Comment by csmpltn
4 days ago
A good reminder of how things actually work, but the article could use some more balancing…
> Let that sink in. You scanned your European passport for a European professional network, and your data went exclusively to North American companies. Not a single EU-based subprocessor in the chain.
LinkedIn is an American product. The EU has had 20 years to create an equally successful and popular product, which it failed to do. American companies don’t owe your European nationalist ambitions a dime. Use their products at your own discretion.
Of course an American company is subject to American law. And of course an American company will prioritise other local, similar jurisdiction companies. And often times there’s no European option that competes on quality, price, etc to begin with. In other words I don’t see why any of this is somehow uniquely wrong to the OP.
> Here’s what the CLOUD Act does in plain language: it allows US law enforcement to force any US-based company to hand over data, even if that data is stored on a server outside the United States.
European law enforcement agencies have the same powers, which they easily exercise.
> European law enforcement agencies have the same powers.
No they don’t, not in the way that is implied here. A German court can subpoena German companies. Even for 100% subsidiaries in other European or non-European countries, one needs to request legal assistance. Which then is evaluated based on local jurisdiction of the subsidiary, not the parent. Microsoft Germany as operator is subject to US law and access. See Wikipedia “American exceptionalism” for further examples.
>The EU has had 20 years to create an equally successful and popular product, which it failed to do. American companies don’t owe your European nationalist ambitions a dime. Use their products at your own discretion.
I can see not everybody here will agree with me, but I find this take absolutely reasonable. The European space has the capacity and the resources to create a product that replaces something as trivial as Linkedin, and yet it takes the lazy approach of just using American products.
It's the same thing with China's manufactured products, at some point the rest of the world just accepted that everything gets done in China and then keep complaining about how abusive China can be.
The most recent issue is the military question. Europe relied for decades on the "cheap" protection of the USA. Now the USA gave the middle finger to Europe and Europe acts shocked, but Europe is not so shocked when it comes to the military budget it did not spend on self defense during all the time the Americans provided protection.
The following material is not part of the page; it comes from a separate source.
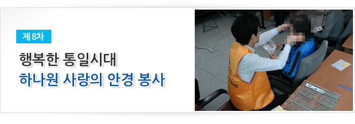 통일희망나눔재단이 주관하고 시호비전그룹이 후원하여 2014년 8월 21일 하나원(북한이탈주민정착지원사무소)에서 입소 교육생 94명을 대상으로 제 8차 안경지원 봉사활동을 실시했다.
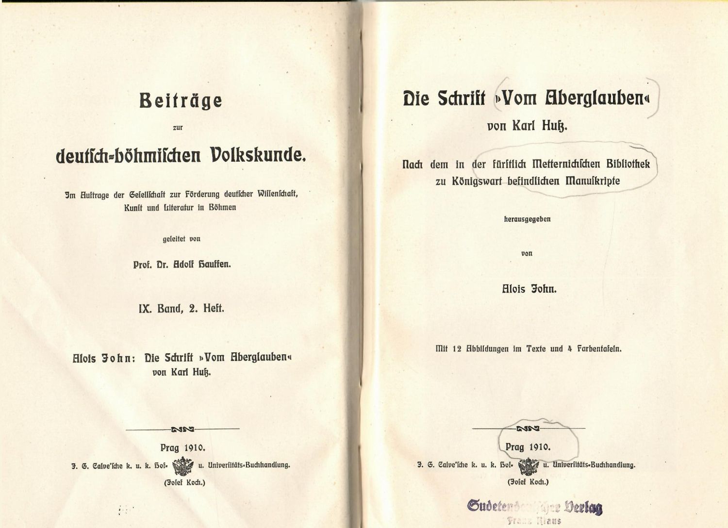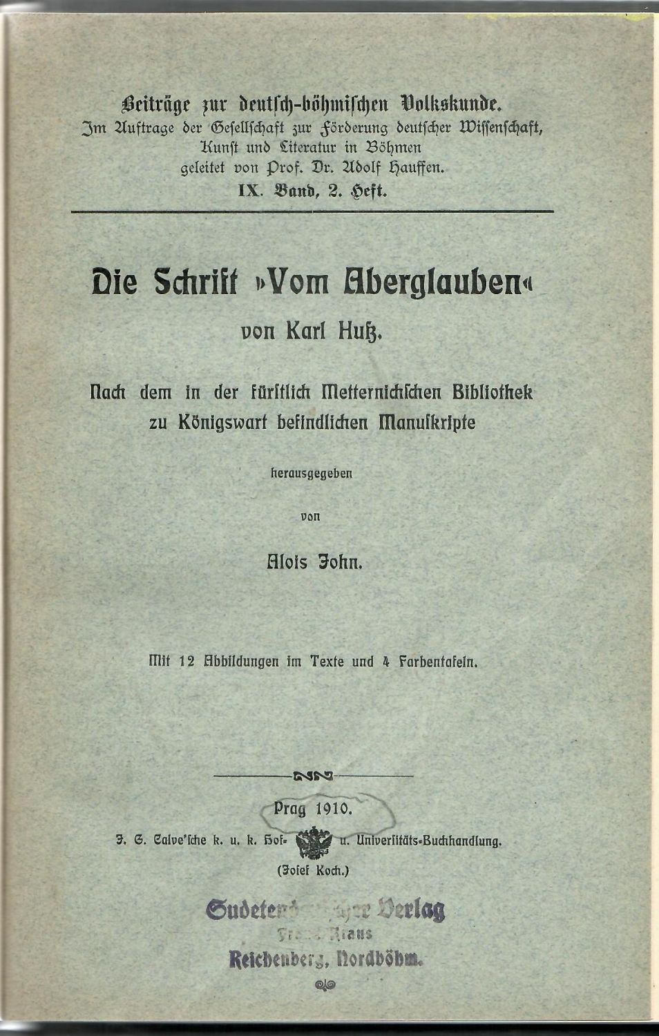 Tištěno švabachem, na úvodní příloze černobílá reprodukce portrétů Karla Hussa a jeho manželky, na další příloze vyobrazení chebské katovny. - Černá plátěná vazba s tlačeným a zlaceným názvem ve hřbetu, původní pap. obálka vevázána, na líci předtitulu podpis tužkou Jiřího Šalamouna a jeho poznámka adresovaná knihvazači.<br>Karel Huss (3.1. 1761 Most - 19.12. 1838 Kynžvart), byl český (sudetoněmecký) kat a sběratel. Narodil se v české katovské rodině a přestože se rodina snažila, aby nemusel vykonávat rodinné řemeslo, stal se nakonec také katem. Roku 1781 byl v Chebu jmenován městským katem. Byl velmi zvídavý, ovládal latinu, zajímal se o botaniku, od otce, který byl i výborným zvěrolékařem se naučil přípravě různých léčivých nápojů a mastí a věnoval se též léčitelství. Věnoval se také historii a byl velkým znalcem historie města Chebu. Sbíral starožitnosti, minerály, mince. knihy, rukopisy .... Své sbírky zpřístupnil, v budově katovny vzniklo malé muzeum, které navštívil i J. W. Goethe, s kterým se Huss spřátelil a na jeho popud začal psát knihu o pověrách. Po smrti své ženy nabídl svoji sbírku městu Cheb, které však neprojevilo zájem. O sbírku projevil zájem kníže Metternich a roku 1828 byla převezena do jeho zámku v Kynžvartu, kde se Huss stal správcem a kustodem jednoho z prvních zámeckých muzeí ve střední Evropě.

> "The most recent issue is the military question. Europe relied for decades on the "cheap" protection of the USA. Now the USA gave the middle finger to Europe and Europe acts shocked, but Europe is not so shocked when it comes to the military budget it did not spend on self defense during all the time the Americans provided protection."
Fully agree. Europe expects some kids from nowheresville Tennessee to die in a ditch defending Ukraine. The war will be over the second they need to draft 18 year-olds at scale from anywhere in western Europe to go defend "Europe". Nobody in France will die defending Poland, nobody in Greece will die defending Latvia. The EU is such a joke.
But Britain lost 457 soldiers, Germany 62, France 90, Spain 97, Italy 53, Denmark 43 to aid USA in Afghanistan.
2 replies →
Nobody is expecting anyone from Tennessee, but I know that's what the likes of Musk are making you believe.
2 replies →
The "pull yourselves up by your bootstraps" advice has more weight when the person saying it hasn't taken control of all bootstraps for a good 75 years. This is this toxicity in the toxic relationship between the US and EU. Foot in our faces telling us to pick ourselves up. Ditto South America.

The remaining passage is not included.